Effect of addition of oligobetapinene on morphology, thermal and gas permeation properties in blends with HDPE
[article: Journal of Applied Polymer Science, vol 91, iss 1, pg 315–320, 01/2004] [ link ]
Binary blends of high density polyethylene (HDPE) and oligobetapinene (OBP) were prepared by melt mixing. The morphology, thermal and permeability properties of compression molded and slow cooled films are reported. Applying the first-derivative procedure on differential scanning calorimetry (DSC) traces, we have detected the temperature of glass transition (Tg) of HDPE as a large peak centered from −125 to −100°C. In the blends, we observed that the OBP molecules were able to resolve the transition into two components.
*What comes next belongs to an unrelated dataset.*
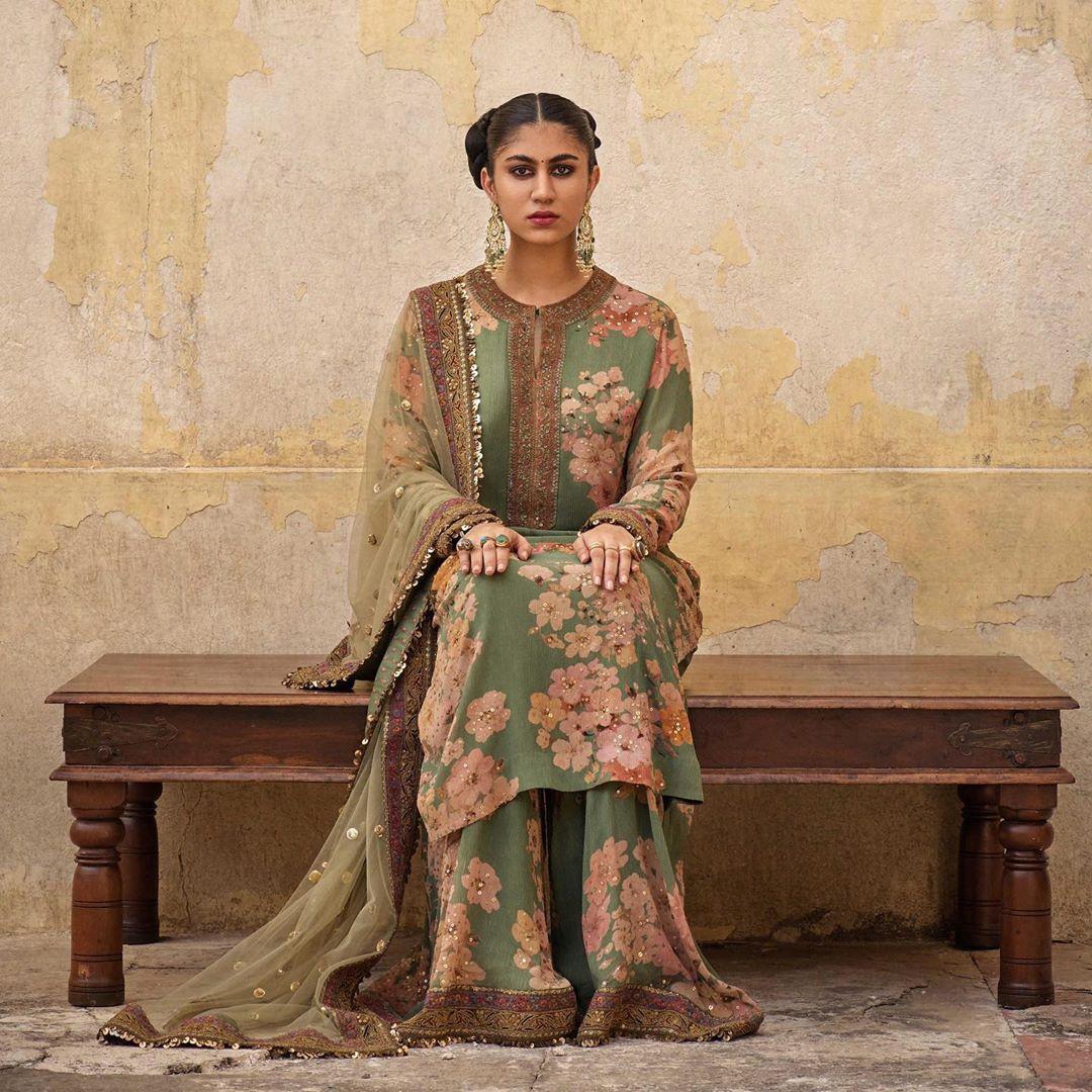 The first lehenga suit is an earthy green colour with rusty flower prints spread unevenly throughout. You can wear this to a wedding, someone’s Mehndi ceremony and anywhere your heart desires!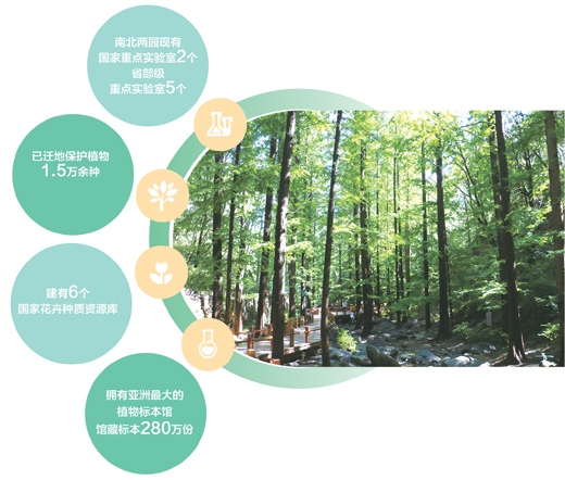 南北两园现有国家重点实验室2个、省部级重点实验室5个,建有牡丹、睡莲、野生蕨类植物等6个国家花卉种质资源库,拥有亚洲最大的植物标本馆、馆藏标本280万份。

The lower one was ascribed to the γ-transition of HDPE, and the upper one was attributed to its Tg. The OBP molecules also formed another transition at a higher temperature. The blends were composed at least of three distinct phases, likely composed of amorphous HDPE with some amount of OBP molecules, amorphous OBP with some polyolefin and crystalline HDPE. The scanning electron microscopy (SEM) investigations revealed segregation of the components. The permeation to CO2 of plain HDPE and 90/10 blends was similar, but at higher concentrations of oligomer, the value was slightly higher than that of neat HDPE. The decrease of overall crystallinity was counterbalanced by the presence of an OBP rich phase in the blend and could explain the slight increase in permeability of the film blends.